We conducted a 20-year follow-up study of 214 children (aged 8-18 years) with heterozygous familial hypercholesterolaemia who were randomly assigned in a statin trial in Amsterdam (Netherlands) between Dec 7, 1997, and Oct 4, 1999. At baseline, and at 2, 10, and 20 years thereafter, blood samples were taken and carotid intima-media thickness was measured. Linear mixed-effects models were used to evaluate the association between lipoprotein(a) and carotid intima-media thickness during follow-up. We adjusted for sex, age, corrected LDL-cholesterol, statin use, and BMI.
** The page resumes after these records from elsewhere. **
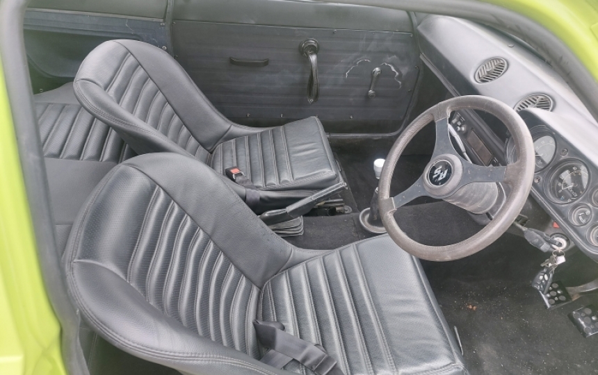 Interior - Period style semi bucket seats. Good dash top. UK 6 dial dash fitted but needs all wired up. RS steering wheel. Door cards look a bit DIY and will need replaced. Headcloth is tidy enough but not the original type.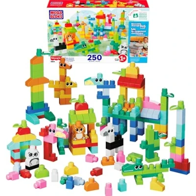 MEGA BLOKS Fisher Price Toddler Building Toy, Animal Blocks with 250 Pieces and Reusable Storage Bag, Kids Ages 1+ Years, JCF93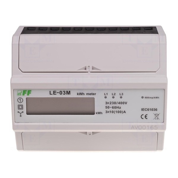Cyfrowy licznik energii elektrycznej F&F LE-03M przeznaczony jest do bezpośredniego pomiaru energii czynnej w sieciach trójfazowych czteroprzewodowych. Urządzenie pracuje z prądem znamionowym 10A oraz prądem maksymalnym 100A przy częstotliwości 50Hz. Konstrukcja przystosowana jest do montażu na szynie DIN, a dane pomiarowe prezentowane są na wyświetlaczu LCD.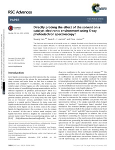 Men, S., Lovelock, K. R. J. ORCID: https://orcid.org/0000-0003-1431-269X and Licence, P. (2015) Directly probing the effect of the solvent on a catalyst electronic environment using X-ray photoelectron spectroscopy. RSC Advances, 5 (45). pp. 35958-35965. ISSN 2046-2069 doi: 10.1039/c5ra04662a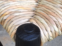 white oak in shou sugi ban oiled finish, seat in woven rush or danish cord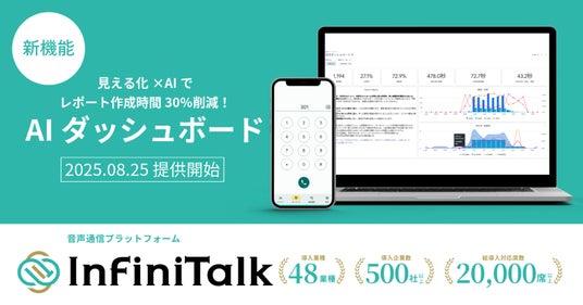 インパクトホールディングス株式会社の連結子会社で、コールセンターの受託、情報通信・コンテンツサポート事業をはじめとした BPO 事業を展開するジェイエムエス・ユナイテッド株式会社 (本社:東京都港区、代表取締役社長 倉本雄太、以下 「当社」 ) が提供する音声通信プラットフォーム 「InfiniTalk (インフィニトーク) 」 は、AIの分析力と直感的な可視化を融合し、コールセンター管理者の迅速かつ効果的な意思決定を支援する新機能 「AIダッシュボード」 を2025年8月25日より提供開始いたします。
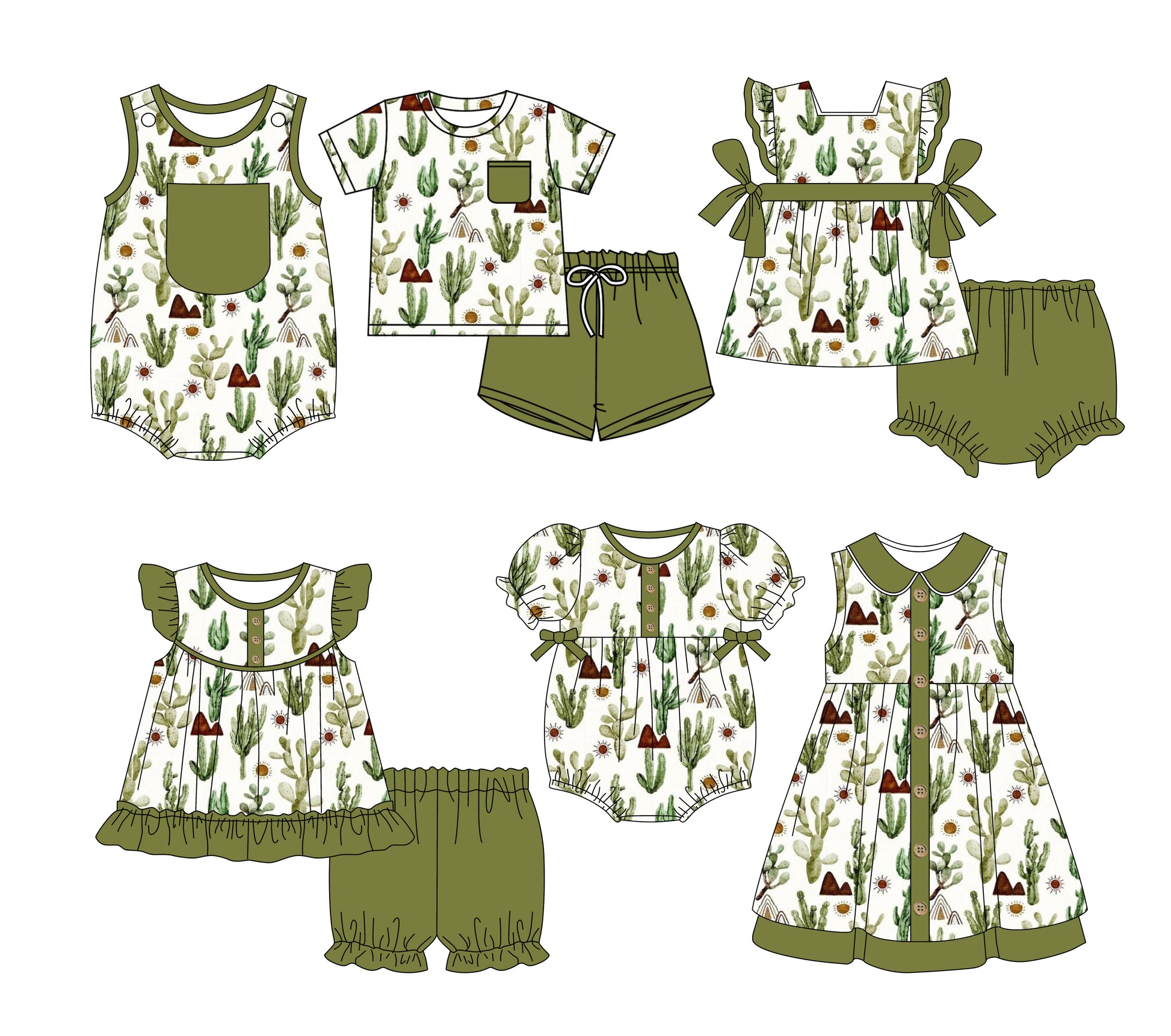 3.3(Custom Design Preorder MOQ 5 Each Design) Cactus Green Print Kids Summer Matching Clothes Sibling Wear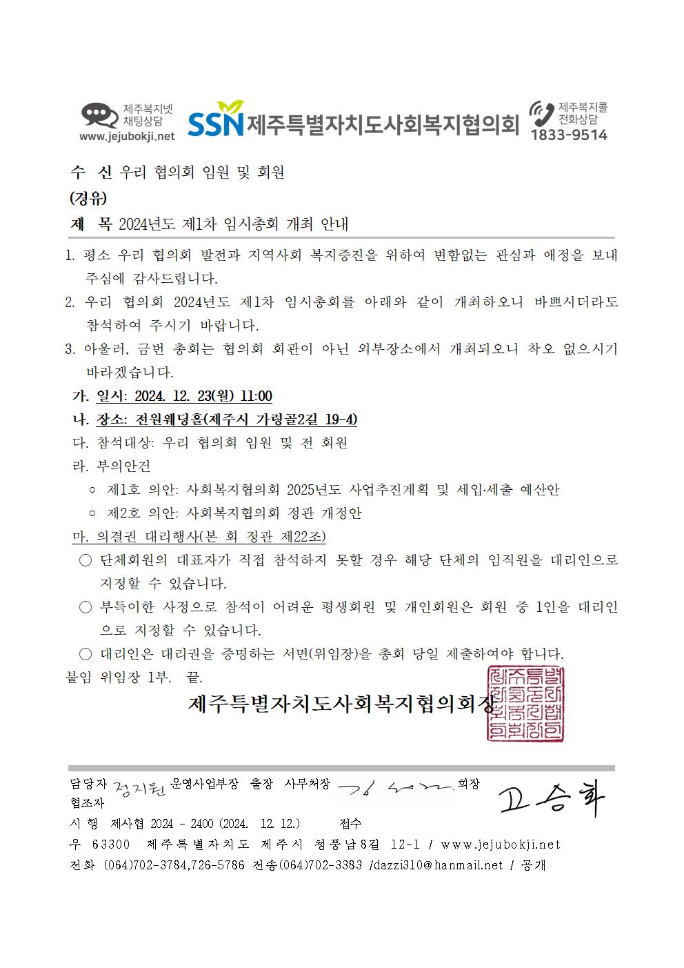 2024년도 제1차 임시총회 개최 안내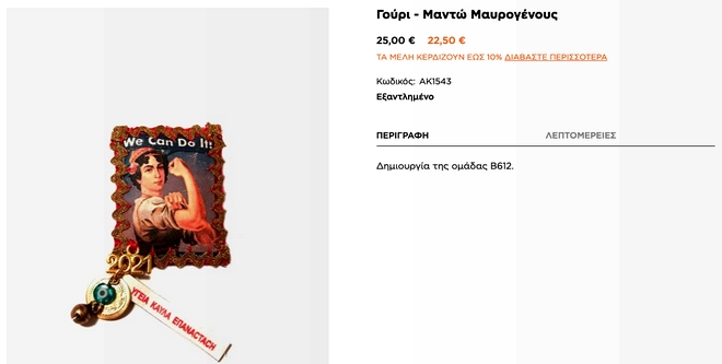 Μια διαφορετική κυκλοφορία βρέθηκε στο πωλητήριο του Μουσείου Μπενάκη, το οποίο φιλοξένησε επετειακό γούρι με τη Μαντώ Μαυρογένους, ως φεμινιστικό σύμβολο.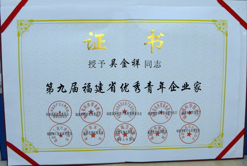 [喜訊] 日前,由共青團福建省委員會、福建省經濟貿易委員會、福建省國有資產監督管理委員會、福建省對外貿易經濟合作廳、福建省科學技術廳、福建省工商行政管理局、福建省國家稅務局、福建省地方稅務局、福建省環境保護局、福建省青年企業家協會共同主辦的“第九屆福建省優秀青年企業家”評選活動揭曉,鷺燕集團董事長兼總裁---吳金祥先生榮獲“福建省優秀青年企業家”榮譽稱號!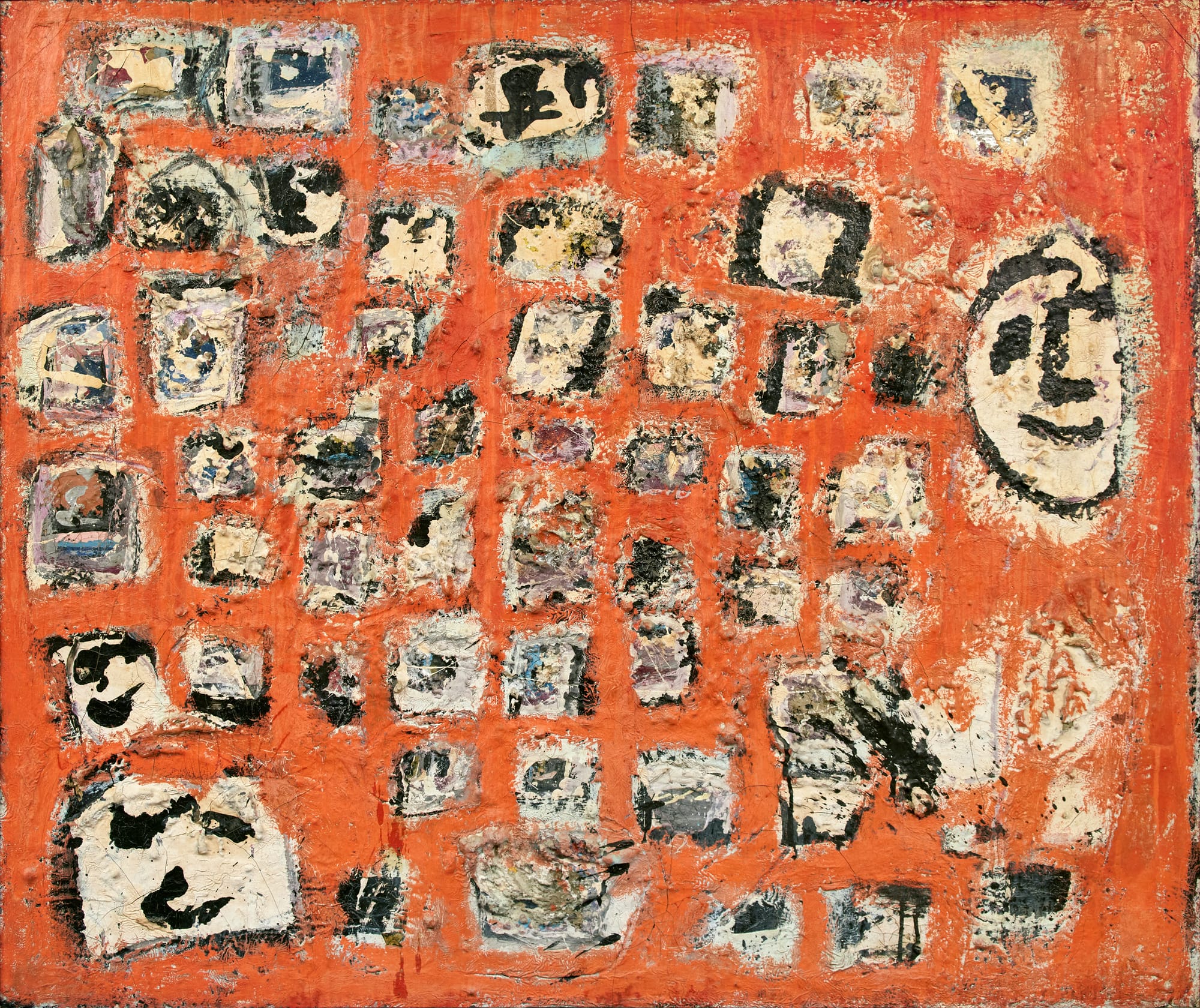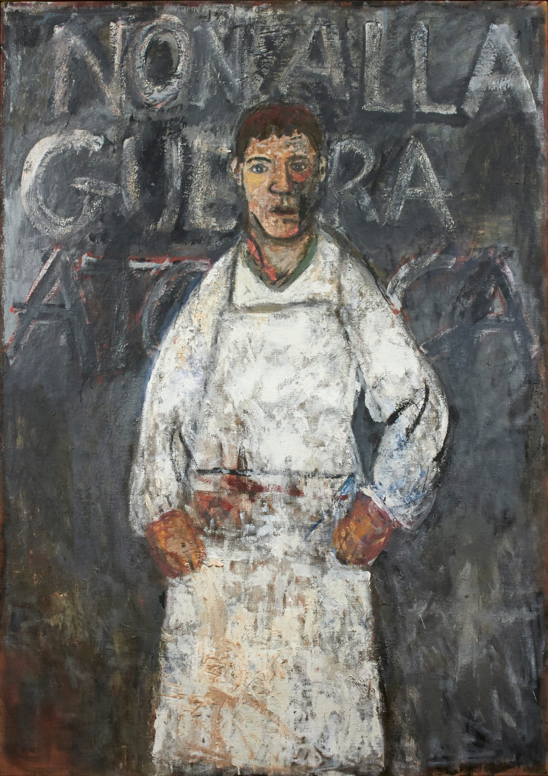In “Butcher Boy” (c. 1957), a young man in a bloody, stained apron stares directly at the viewer, looking somewhat stunned, with his mouth slightly open. He is not quite at ease. On the black wall behind him, in Italian, we can make the word “nonalla guerra” (not to the war). The work was painted during the early years of the Cold War and the testing of atom and hydrogen bombs, when both the United States and Soviet Union urged their citizens to take specific steps to survive a nuclear war. In retrospect, storing food and water in basements or building fallout shelters in backyards only heightened the general fear, as these precautions were likely ineffective.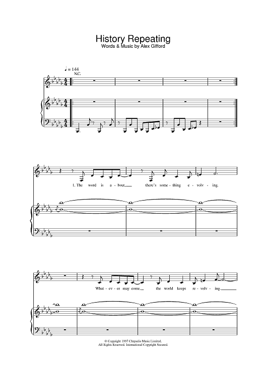 Digital Sheet Music for History Repeating by Propellerheads, Shirley Bassey scored for Piano/Vocal/Chords; id:377214
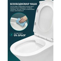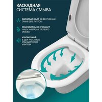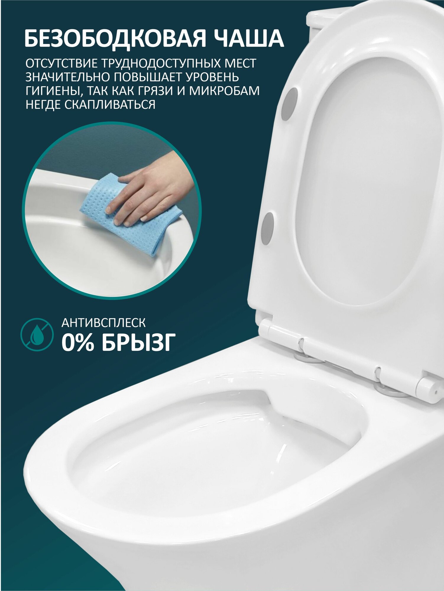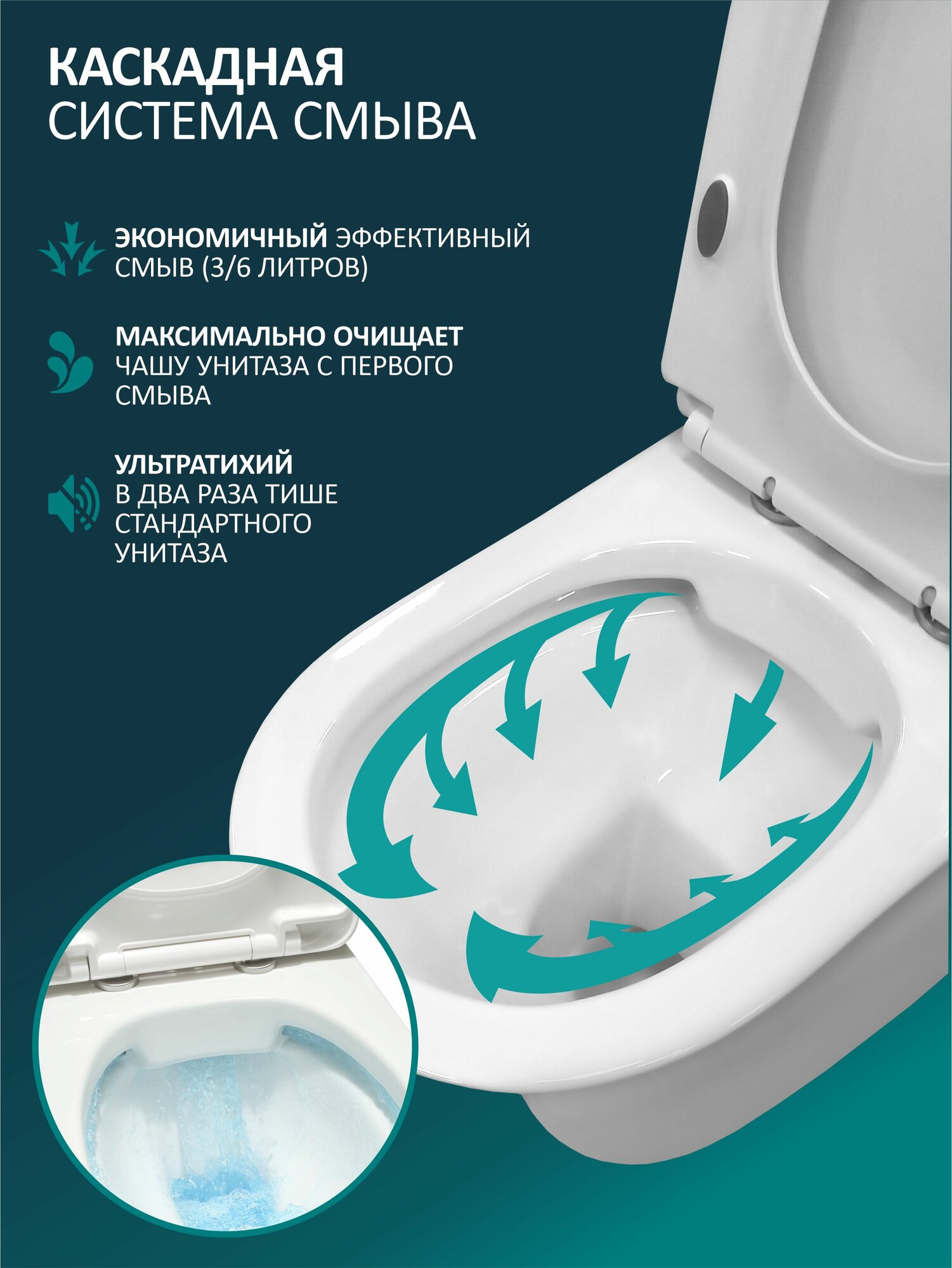- Сиденье с микролифтом: плавное и бесшумное закрывание, исключающее удары и повреждения.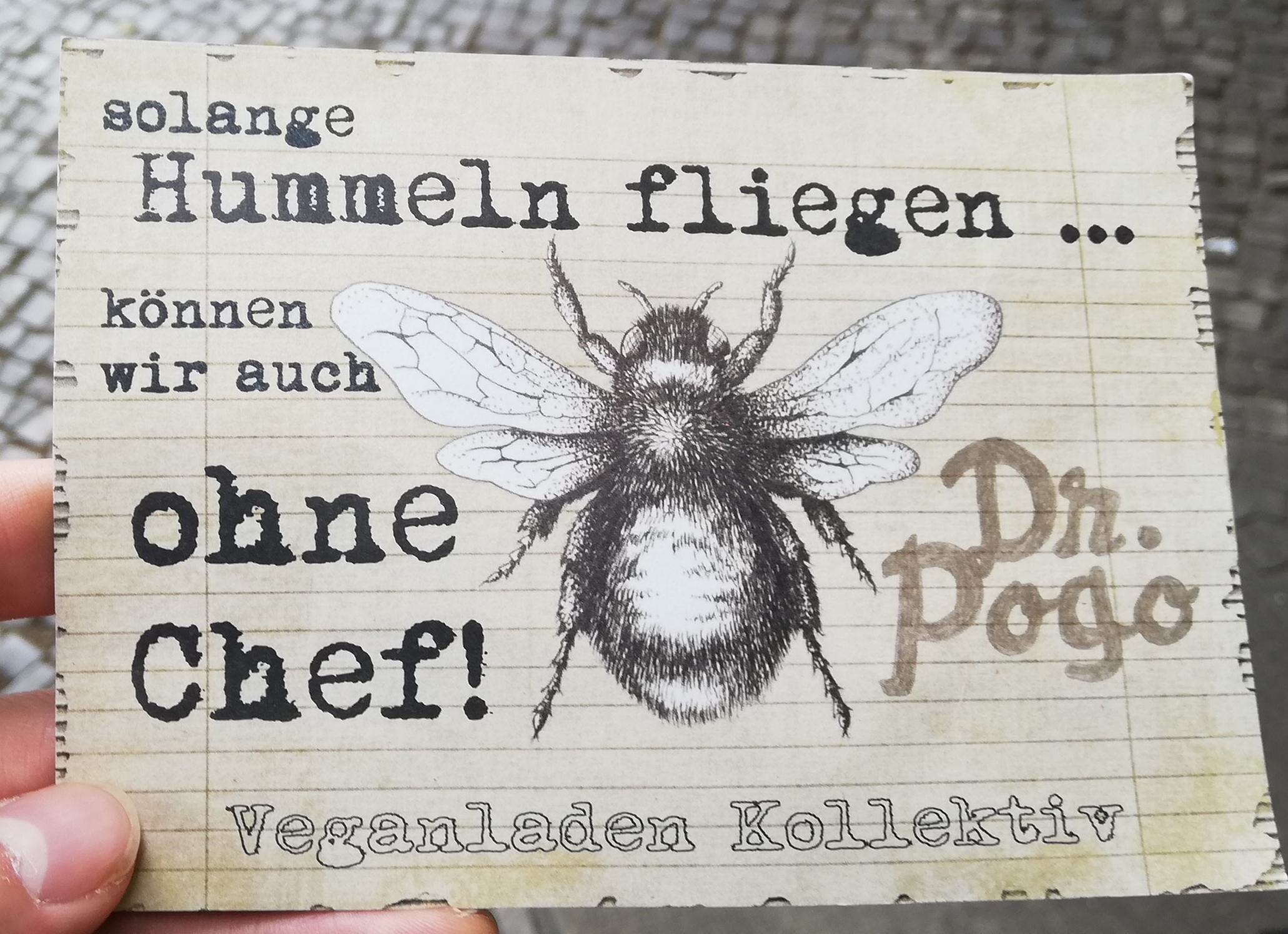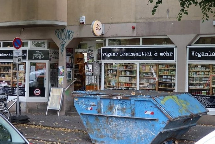 Het was in ieder geval erg leuk om hen te bezoeken. Na het bekijken van de winkel gingen we naar hun kleine magazijn, dat de uitvalsbasis is van Gemein Vertrieb Ook werden we getrakteerd op erg lekkere koffie van een lokale coöperatie, en toen zagen we nog wat plaatselijk geproduceerde tofu binnenkomen – bezorgd op de fiets! Ga er ff langs als je eens in Berlijn bent. De Dr Pogo-winkel bevindt zich op de toepasselijke genaamde Karl-Marx-Platz in de relaxte wijk Neukölln. Naast de dagelijkse boodschappen kun je er ook een kop koffie of thee halen en op een bankje op het nabijgelegen pleintje of parkje chillen. (Update: helaas bestaat Gemein Vertrieb niet meer. Er is wel een soort doorstart onder de naam KoMa. Wij verkopen daar momenteel geen producten van, omdat we rechtstreeks zijn gaan inkopen bij VioMe, Actyva en SCOP-TI. Dr Pogo bestaat trouwens nog wel, dus daar kan je nog steeds langs gaan!).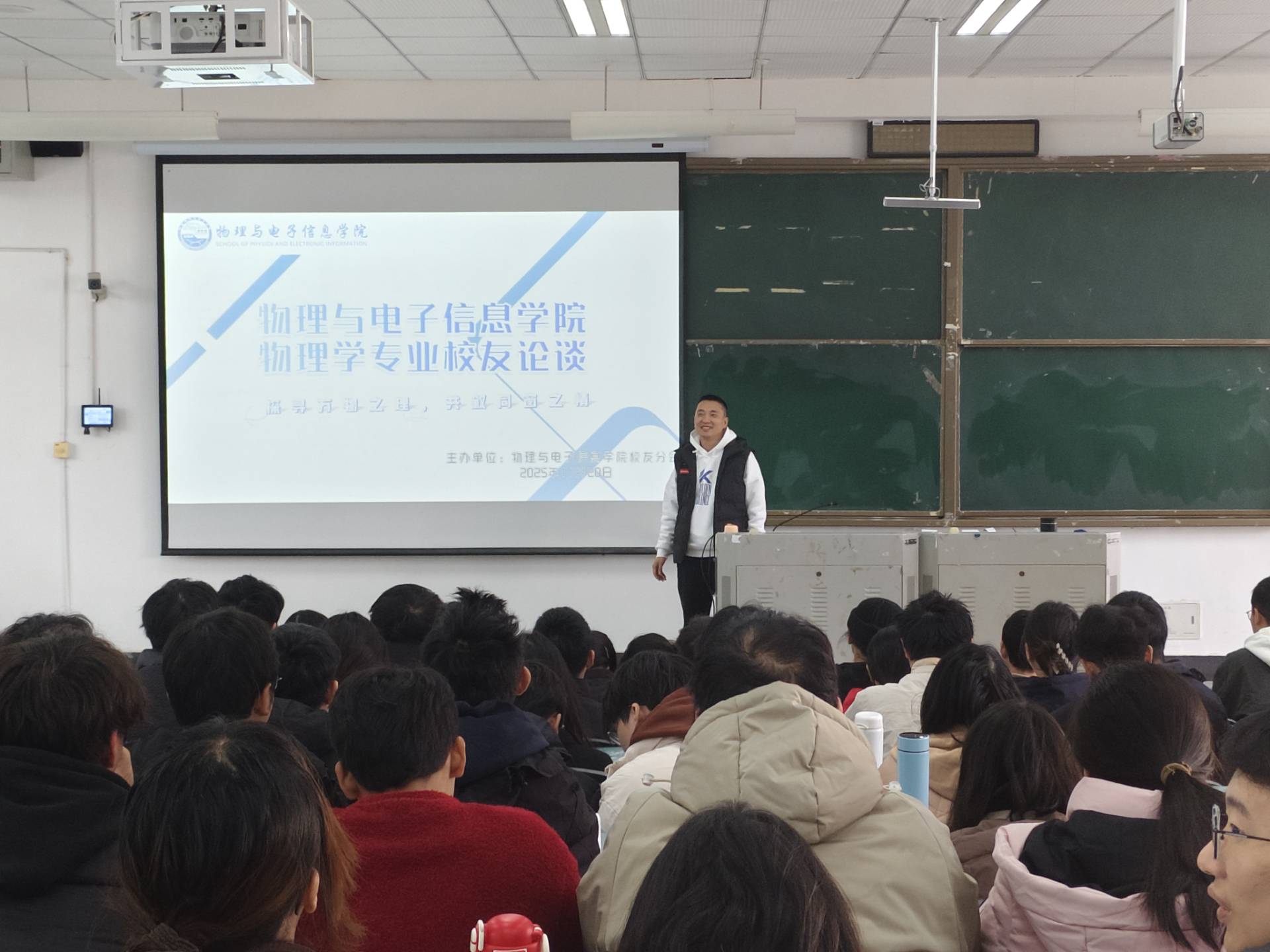 11月20日,物理与电子信息学院校友论坛在厚德楼242教室举行。物理系2005级校友、绵阳东辰中学物理高级教师连天刚老师受邀返校,以“示范课+经验分享”形式,聚焦物理师范生关切的教学实践落地与职业长远发展两大核心,和22级学生展开了深度交流。

Our study population comprised 200 children who had a carotid intima-media thickness measurement and a measured lipoprotein(a) concentration from at least one visit available. Mean age at baseline was 13·0 years (SD 2·9), 106 (53%) children were male, and 94 (47%) were female. At baseline, median lipoprotein(a) concentration was 18·5 nmol/L (IQR 8·7-35·5) and mean carotid intima-media thickness was 0·4465 mm (SD 0·0496). During follow-up, higher lipoprotein(a) concentrations contributed significantly to progression of carotid intima-media thickness (β adjusted 0·0073 mm per 50 nmol/L increase in lipoprotein(a) [95% CI 0·0013-0·0132]; p=0·017).
Our findings suggest that lipoprotein(a) concentrations contribute significantly to arterial wall thickening in children with familial hypercholesterolaemia who were followed-up until adulthood, suggesting that lipoprotein(a) is an independent and additional risk factor for early atherosclerosis in those already at increased risk. Lipoprotein(a) measurement in young patients with familial hypercholesterolaemia is crucial to identify those at potentially highest risk for cardiovascular disease.
Silence Therapeutics.
脂蛋白(a)升高和家族性高胆固醇血症都是心血管疾病的独立危险因素。尽管家族性高胆固醇血症患儿可观察到动脉粥样硬化的迹象,但脂蛋白(a)是否是这些年轻患者动脉粥样硬化的另一个危险因素尚不清楚。因此,我们旨在评估脂蛋白(a)浓度对成年后随访的家族性高胆固醇血症患儿的动脉壁增厚(通过颈动脉内膜中层厚度测量)的贡献。
我们对 1997 年 12 月 7 日至 1999 年 10 月 4 日在阿姆斯特丹(荷兰)进行的他汀类药物试验中随机分配的 214 名 8-18 岁杂合子家族性高胆固醇血症患儿进行了 20 年的随访研究。基线时以及此后 2、10 和 20 年时,采集血样并测量颈动脉内膜中层厚度。线性混合效应模型用于评估随访期间脂蛋白(a)与颈动脉内膜中层厚度之间的关联。我们调整了性别、年龄、校正后的 LDL 胆固醇、他汀类药物的使用和 BMI。
我们的研究人群包括 200 名至少有一次就诊时可测量脂蛋白(a)浓度和颈动脉内膜中层厚度的患儿。基线时的平均年龄为 13.0 岁(标准差 2.9),106 名(53%)患儿为男性,94 名(47%)为女性。基线时,脂蛋白(a)浓度中位数为 18.5 nmol/L(IQR 8.7-35.5),颈动脉内膜中层厚度平均值为 0.4465mm(SD 0.0496)。在随访期间,脂蛋白(a)浓度升高与颈动脉内膜中层厚度的进展显著相关(每增加 50nmol/L 的脂蛋白(a),β 调整后增加 0.0073mm[95%CI 0.0013-0.0132];p=0.017)。
我们的研究结果表明,脂蛋白(a)浓度对成年后随访的家族性高胆固醇血症患儿的动脉壁增厚有显著贡献,这表明脂蛋白(a)是这些已经处于高风险的患者早期动脉粥样硬化的独立和额外危险因素。在家族性高胆固醇血症的年轻患者中测量脂蛋白(a)对于确定那些具有潜在最高心血管疾病风险的患者至关重要。
Silence Therapeutics。